Are there any new players in the fulfillment industry I should know about?


Any new technical advances? I had a bit of a tough time with uploading designs on Zazzle back in the day. I’m hoping there have been some improvements in this area. My guess is the role of social media has increased in the past 3 years as well.


Has an industry leader emerged?

Who has the best quality products and the best customer service?


If you had to choose 1 fulfillment shop, who would you do with?


Our website has a wordpress platform, so which companies match up best with that? One thing I wanted years ago was to have the fulfillment platform under my own URL. We were able to do this with frames, but it was very difficult. Any advances in that area?

Any feedback and suggestions would be much appreciated. Thanks in advance. It’s good to be back!


----------



## Rodney (Nov 3, 2004)

> I apologize in advance for all of these questions but I’m trying to catch up very quickly.

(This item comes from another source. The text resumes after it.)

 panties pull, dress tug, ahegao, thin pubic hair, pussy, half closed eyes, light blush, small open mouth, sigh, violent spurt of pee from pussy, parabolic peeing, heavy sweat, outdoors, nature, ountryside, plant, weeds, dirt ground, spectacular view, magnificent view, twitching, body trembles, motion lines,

I'd suggest taking it slowly 



> Are there any new players in the fulfillment industry I should know about?


There are lots of different fulfillment companies both large and small. Some Zazzle/CafePress/Spreadshirt/PrintFection sized, some run by hard working small business owners with similar equipment.



> Any new technical advances? I had a bit of a tough time with uploading designs on Zazzle back in the day


Hard to say what has changed in the past 3 years. Might be worth checking out their interfaces to see what new bulk uploading and product creation options they have.

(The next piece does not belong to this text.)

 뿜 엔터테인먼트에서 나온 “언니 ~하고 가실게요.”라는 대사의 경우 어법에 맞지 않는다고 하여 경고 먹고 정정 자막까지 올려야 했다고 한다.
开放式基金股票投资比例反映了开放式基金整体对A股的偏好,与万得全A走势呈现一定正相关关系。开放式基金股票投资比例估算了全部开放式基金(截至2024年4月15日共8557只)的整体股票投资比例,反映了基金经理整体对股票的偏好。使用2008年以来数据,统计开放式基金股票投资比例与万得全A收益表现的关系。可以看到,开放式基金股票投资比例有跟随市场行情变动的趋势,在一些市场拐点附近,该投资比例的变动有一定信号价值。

> Who has the best quality products and the best customer service?


They are generally about the same. All companies pretty much stand behind their products if something goes wrong.



> Our website has a wordpress platform, so which companies match up best with that?

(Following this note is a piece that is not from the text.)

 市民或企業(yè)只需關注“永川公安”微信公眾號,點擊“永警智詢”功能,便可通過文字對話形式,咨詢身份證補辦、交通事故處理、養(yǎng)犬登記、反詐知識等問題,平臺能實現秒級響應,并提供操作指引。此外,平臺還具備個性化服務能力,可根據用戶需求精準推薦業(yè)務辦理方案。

It's just a matter of creating a link to the storefront they create for you. Doesn't really matter much how your site in setup on your end.



> One thing I wanted years ago was to have the fulfillment platform under my own URL. We were able to do this with frames, but it was very difficult. Any advances in that area?


It depends on how much technical knowledge you have and exactly how much you want to take on yourself (processing credit cards? customer service? Just the front end shopping cart?) There are a lot of possibilities.


----------